AVC: You said previous albums have been about convictions, but this one’s about questions. What caused that shift?

TM: Certainly age. [Laughs.] When you’re 18, you have it all figured out, right? You know it all. As you get older, you realize you don’t have it figured out—there’s a lot more questions out there and a lot less answers. That’s when you separate into two different roads: You either decide, “Okay, there’s a lot of questions out there that I don’t have answers for, and I’m going to look for these answers,” or you just say, “There’re so many questions out there, fuck it, I’m not even gonna try to find the answers anymore.” There’s certainly those kinds of people in the world. I think I’ve certainly realized there are a lot of questions that I don’t have the answers for, but I’m still having a lot of fun being on this journey toward those answers.

AVC: The album definitely has a sense of mortality; the last line of “Worth Dying For” is “What if we all died young?”

TM: It’s funny, I’ve had friends making fun of me this year because I’m 27; this is the year that Janis Joplin died, that Jimi Hendrix died, that Robert Johnson died, and D. Boon from The Minutemen, and Kurt Cobain, all the 27 deaths. [Laughs.] I had a lot of friends joke with me, but we also determined that I haven’t sold enough records to die yet. [Laughs.] So it probably won’t happen. I need to be platinum to die. I became a parent in the last two years, and you start thinking about stuff like that. It definitely played a role in this record and, in retrospect, a more significant role than I thought as I was writing the songs.

AVC: You’re from Chicago. Is it weird to see posters advertising your album pasted up on walls around town and ads in big magazines?

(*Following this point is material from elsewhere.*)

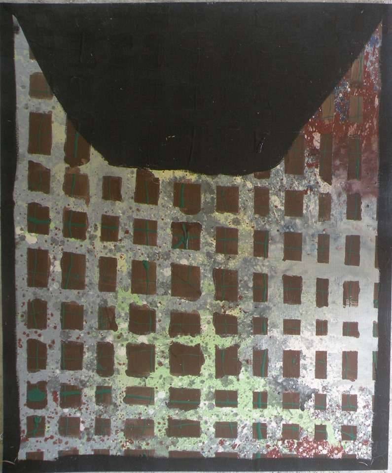 Obraz emanuje surową i enigmatyczną energią. Dominuje w nim ciemna paleta barw – brązy, szarości i czernie. Na pierwszy plan wysuwają się kwadratowe kształty, tworzące coś na kształt siatki czy muru, pokryte cieniem, który z góry narzuca się na resztę kompozycji. Ta powtarzalność, a może wręcz monotonność, tworzy rytmiczną strukturę, która stopniowo przeradza się w niesamowicie fascynujący chaos. Wow, wygląda to jak dom w nocy! Atmosfera obrazu – niby zagadkowa – może wprowadzać widza w stan zadumy. Można poczuć w nim pewien ciężar, ale i pewną intrygującą dynamikę. Technika artystyczna z wykorzystaniem grubej faktury i kontrastu zdaje się wołać: "Spójrz na to!". Dryfując między abstract i decay, artysta bawi się tu percepcją odbiorcy, zachęcając go do poszukiwania sensu w zagadkowym układzie kafli. Można się zastanawiać, co kryje się za tym wzorem – czasem przypomina to niekończącą się klatkę lub labirynt, z którego trudno się wydostać. Obraz może wywoływać mieszankę emocji – od odosobnienia, poprzez niepokój, aż po fascynację i chęć odkrywania głębszych treści. Patrząc na niego dłużej, można poczuć pewną melancholię, ale i dziwną satysfakcję z nieustannej gry kształtów i barw. Jest w nim coś tajemniczego i pociągającego, co sprawia, że nie można oderwać od niego wzroku. Stay curious, mówi jedno z tych kształtów w tle.

TM: It’s so strange. I’m used to having our records come out and all of us digging through these tiny fanzines looking for that tiny little ad, one of 10 records on a half page, and we’re like, “Yes, we made it!” Actually, I was in the city briefly before we left, and I saw like three or four of those [posters]. There was one right across the street from my friend’s tattoo shop on Belmont. There was one near our practice space—our practice space is in the absolute ghetto, so I was questioning the placement—but I was like, “Oh there it is, cool.” It’s crazy. It certainly makes you feel really good about the support you have with the band. We do all we can out here on the road; we work as hard as we possibly can, and it’s just so great to know that work is being reciprocated… It’s great to know what you can do, given the chance to be heard. Whether it’s heard or not, whether people actually pick it up or not, that’s up to them, but people will know the record’s out. But yeah, it certainly totally trips me out when I’m driving down the street, and I see a Rise Against thing on the wall. “I’m in that band!”

AVC: Is that unnerving at all?

TM: Sometimes. “Oh wait, we’re actually a band people know about now.” [Laughs.] We actually have certain expectations on us and stuff. But I try not to think about it, and to be honest, it’s so surreal it’s never truly hit me.